Categorical Dependent Variables

Categorical and Discrete Dependent Variable

  • Some dependent variables have a limited number of values they can take:
    • two possible values (binary or dichotomous)
    • three or more possible values:
      • without logical ordering (multinomial)
      • with logical ordering (ordinal)
      • with logical ordering and interval-scale (counts)
  • For such dependent variables linear regression model can produce undesirable and nonsensical results.

Binary Dependent Variable

  • Binary variables are those with two categories
    • \(Y = 1\) if something is “true”, or occurred
    • \(Y = 0\) if something is “not true”, or did not occur
  • Examples of binary response variables
    • Survey questions: yes/no; agree/disagree
    • In politics: vote/do not vote
    • In medicine: have/do not have a certain condition
    • In education: correct/incorrect; graduate/do not graduate; pass/fail

Example: GDP and Regime Type

  • RQ: Are more economically successful political regimes more likely to be democratic?
  • \(Y\): Regime is democratic (\(1\)) or authoritarian (\(0\))
  • \(X\): Log GDP per capita

plot(log(democracy_gdp_2020$gdp_per_capita), democracy_gdp_2020$democracy,
     pch = 19, col = democracy_gdp_2020$democracy + 1)
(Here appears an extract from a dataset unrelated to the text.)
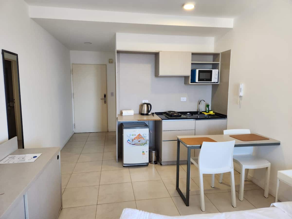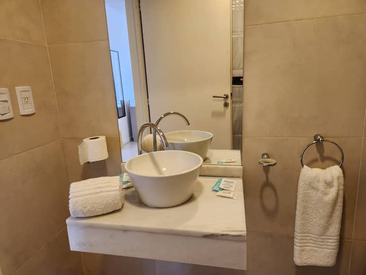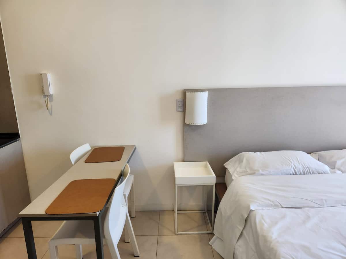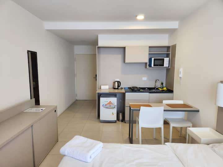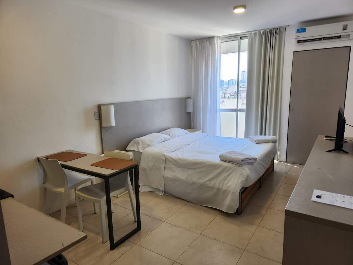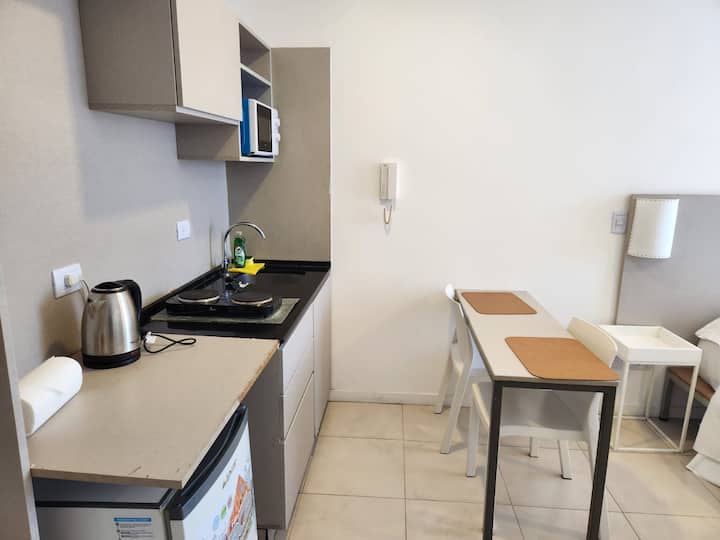 Studio de 2018 en San Nicolás, con balcón. Unidad para hasta 2 personas, con cama doble, mesa y escritorio, sillas, utensilios y vajilla, heladera y baño privado con bañera.

Why Do We Need a New Regression Model?

  • Why can’t we just run a linear regression?
  • Remember that all variables (quantitative and categorical) are represented as numbers.
  • Conceivably, we can fit an OLS model with binary outcome.

Linear Probability Model

  • The linear regression model that is used for predicting binary outcomes is called linear probability model. \[Y_i = \alpha + \beta_1 X_{1i} + \beta_2 X_{2i} + \ldots + \beta_k X_{ki} + \epsilon_i\] \[P(Y_i = 1) = \alpha + \beta_1 X_{1i} + \beta_2 X_{2i} + \ldots + \beta_k X_{ki}\]
  • Advantages:
    • Simple and well-known model for a new class of dependent variable.
    • Easy to interpret coefficients.
  • Disadvantages:
    • Model produces fitted values that are outside of the \([0, 1]\) range.
    • Relationship certainly non-linear.

Example: Coefficient in LPM

lpm_fit <- lm(democracy ~ log(gdp_per_capita), data = democracy_gdp_2020)
summary(lpm_fit)

Call:
lm(formula = democracy ~ log(gdp_per_capita), data = democracy_gdp_2020)

Residuals:
    Min      1Q  Median      3Q     Max 
-0.9363 -0.4372  0.1502  0.3861  0.7243 

Coefficients:
                    Estimate Std. Error t value Pr(>|t|)    
(Intercept)         -0.56415    0.21644  -2.606  0.00995 ** 
log(gdp_per_capita)  0.13642    0.02468   5.527 1.18e-07 ***
---
Signif. codes:  0 '***' 0.001 '**' 0.01 '*' 0.05 '.' 0.1 ' ' 1

Residual standard error: 0.4507 on 173 degrees of freedom
  (20 observations deleted due to missingness)
Multiple R-squared:  0.1501,    Adjusted R-squared:  0.1452 
F-statistic: 30.54 on 1 and 173 DF,  p-value: 1.183e-07
  • The estimate \(\hat{\beta}\) indicates that an increase of \(1\) log GDP per capita is associated with a \(0.136\) increase in the probability of a state being democratic.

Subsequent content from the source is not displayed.